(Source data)
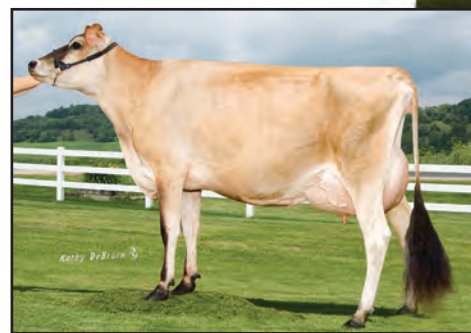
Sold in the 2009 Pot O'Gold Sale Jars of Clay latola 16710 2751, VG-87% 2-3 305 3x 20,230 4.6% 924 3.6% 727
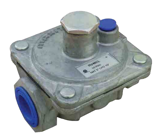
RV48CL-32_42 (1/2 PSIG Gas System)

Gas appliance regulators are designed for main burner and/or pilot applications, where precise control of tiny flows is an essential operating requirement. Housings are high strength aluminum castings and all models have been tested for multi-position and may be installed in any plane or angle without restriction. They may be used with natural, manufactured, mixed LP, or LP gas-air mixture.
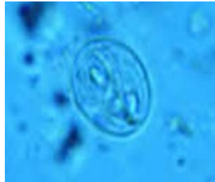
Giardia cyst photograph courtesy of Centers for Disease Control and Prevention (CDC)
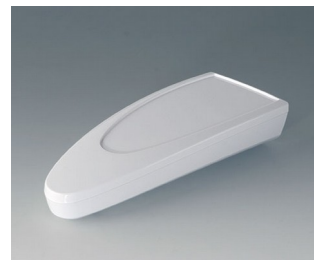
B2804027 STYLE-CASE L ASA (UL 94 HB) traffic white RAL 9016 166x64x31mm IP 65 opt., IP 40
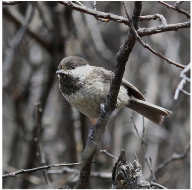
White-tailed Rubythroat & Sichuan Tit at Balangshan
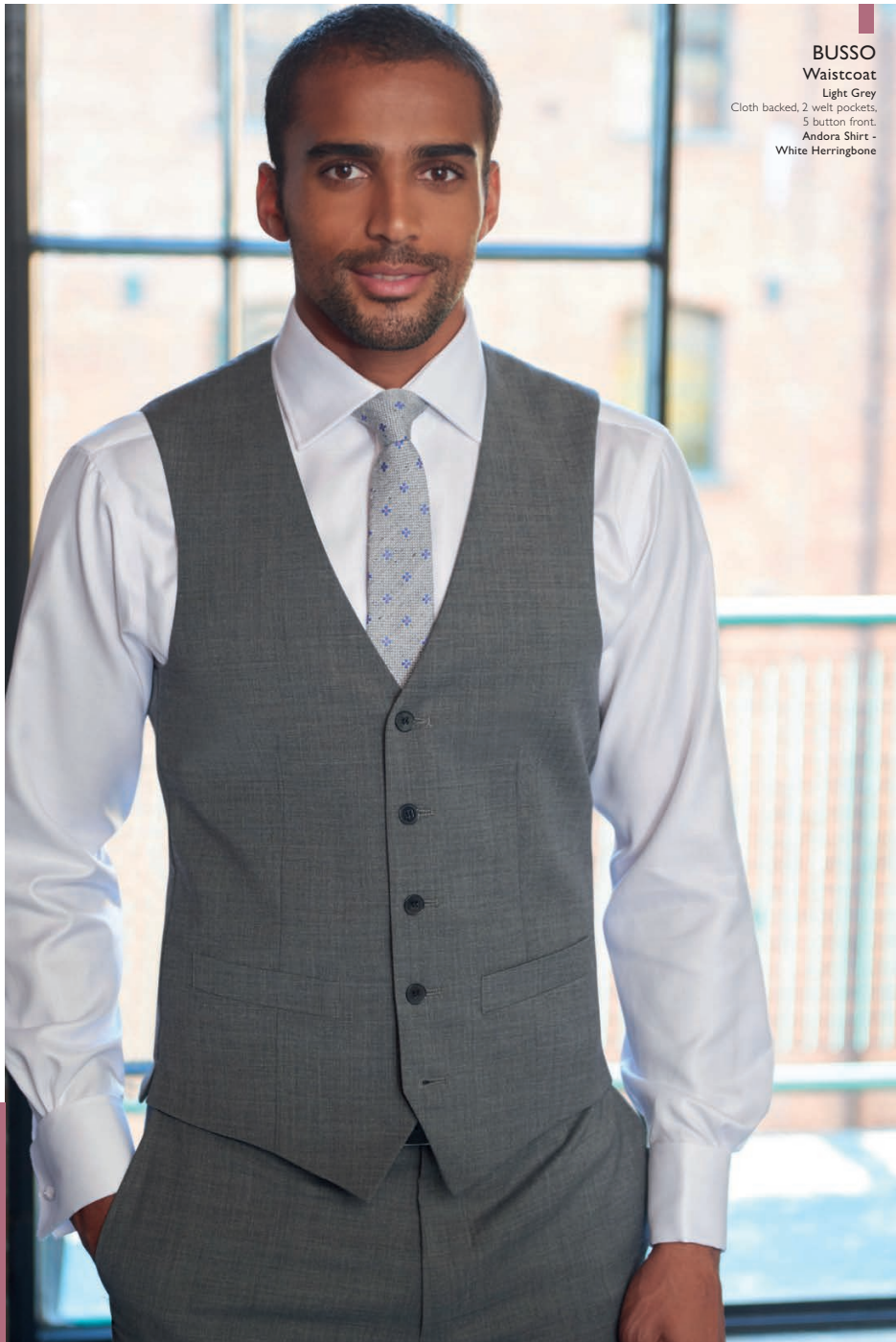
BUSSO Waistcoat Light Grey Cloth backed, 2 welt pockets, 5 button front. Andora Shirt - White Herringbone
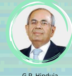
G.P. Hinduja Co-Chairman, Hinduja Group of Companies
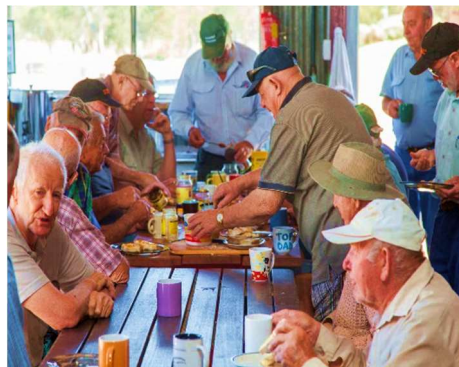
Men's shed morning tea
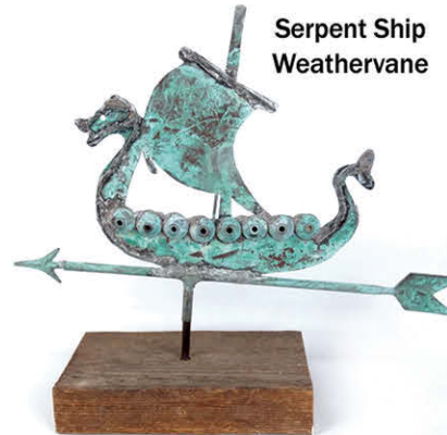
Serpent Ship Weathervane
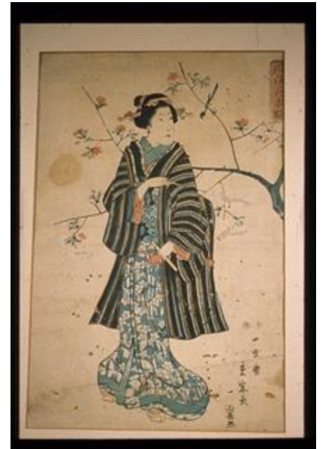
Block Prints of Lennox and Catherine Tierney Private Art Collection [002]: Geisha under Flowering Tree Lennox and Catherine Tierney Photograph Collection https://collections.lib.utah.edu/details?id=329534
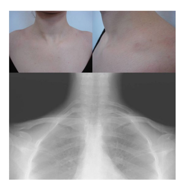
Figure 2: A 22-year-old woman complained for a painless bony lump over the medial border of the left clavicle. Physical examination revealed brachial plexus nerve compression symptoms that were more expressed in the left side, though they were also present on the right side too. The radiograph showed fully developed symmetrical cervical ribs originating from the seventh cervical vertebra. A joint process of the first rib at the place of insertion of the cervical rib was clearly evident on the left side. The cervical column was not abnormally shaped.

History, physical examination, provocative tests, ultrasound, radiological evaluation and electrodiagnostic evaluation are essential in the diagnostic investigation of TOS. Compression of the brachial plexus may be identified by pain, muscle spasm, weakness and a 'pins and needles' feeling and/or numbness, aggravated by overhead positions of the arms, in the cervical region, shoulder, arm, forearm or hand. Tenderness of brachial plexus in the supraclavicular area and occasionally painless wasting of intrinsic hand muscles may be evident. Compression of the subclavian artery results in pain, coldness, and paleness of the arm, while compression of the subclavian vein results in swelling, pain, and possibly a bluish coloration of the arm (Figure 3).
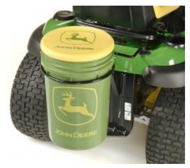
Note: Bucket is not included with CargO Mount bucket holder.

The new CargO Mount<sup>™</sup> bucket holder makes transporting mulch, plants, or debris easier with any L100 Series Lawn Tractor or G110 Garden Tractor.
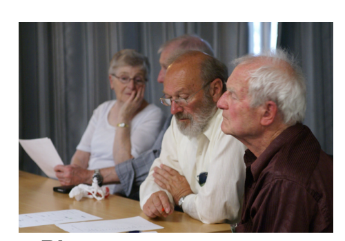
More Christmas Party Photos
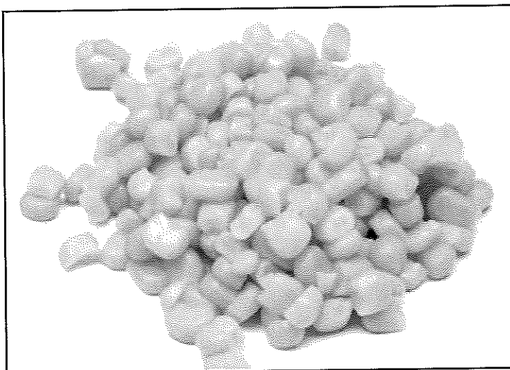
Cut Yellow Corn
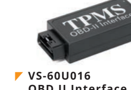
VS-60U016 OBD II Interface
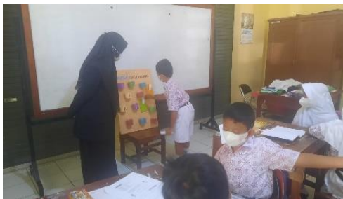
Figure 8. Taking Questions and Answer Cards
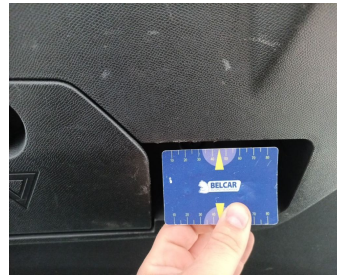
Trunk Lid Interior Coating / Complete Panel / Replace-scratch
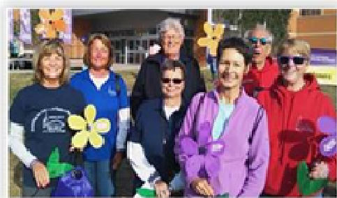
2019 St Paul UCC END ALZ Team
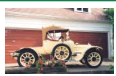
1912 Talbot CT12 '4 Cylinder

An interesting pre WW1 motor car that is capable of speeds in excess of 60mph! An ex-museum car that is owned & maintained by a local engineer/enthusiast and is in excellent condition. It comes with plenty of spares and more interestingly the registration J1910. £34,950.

- Assigned task
The copy should hold only the lines from the one with "BUSSO Waistcoat Light" through the one with "Serpent Ship Weathervane", exactly as they stand above. Leave out the pictures.

- Task result
BUSSO Waistcoat Light Grey Cloth backed, 2 welt pockets, 5 button front. Andora Shirt - White Herringbone
G.P. Hinduja Co-Chairman, Hinduja Group of Companies
Men's shed morning tea
Serpent Ship Weathervane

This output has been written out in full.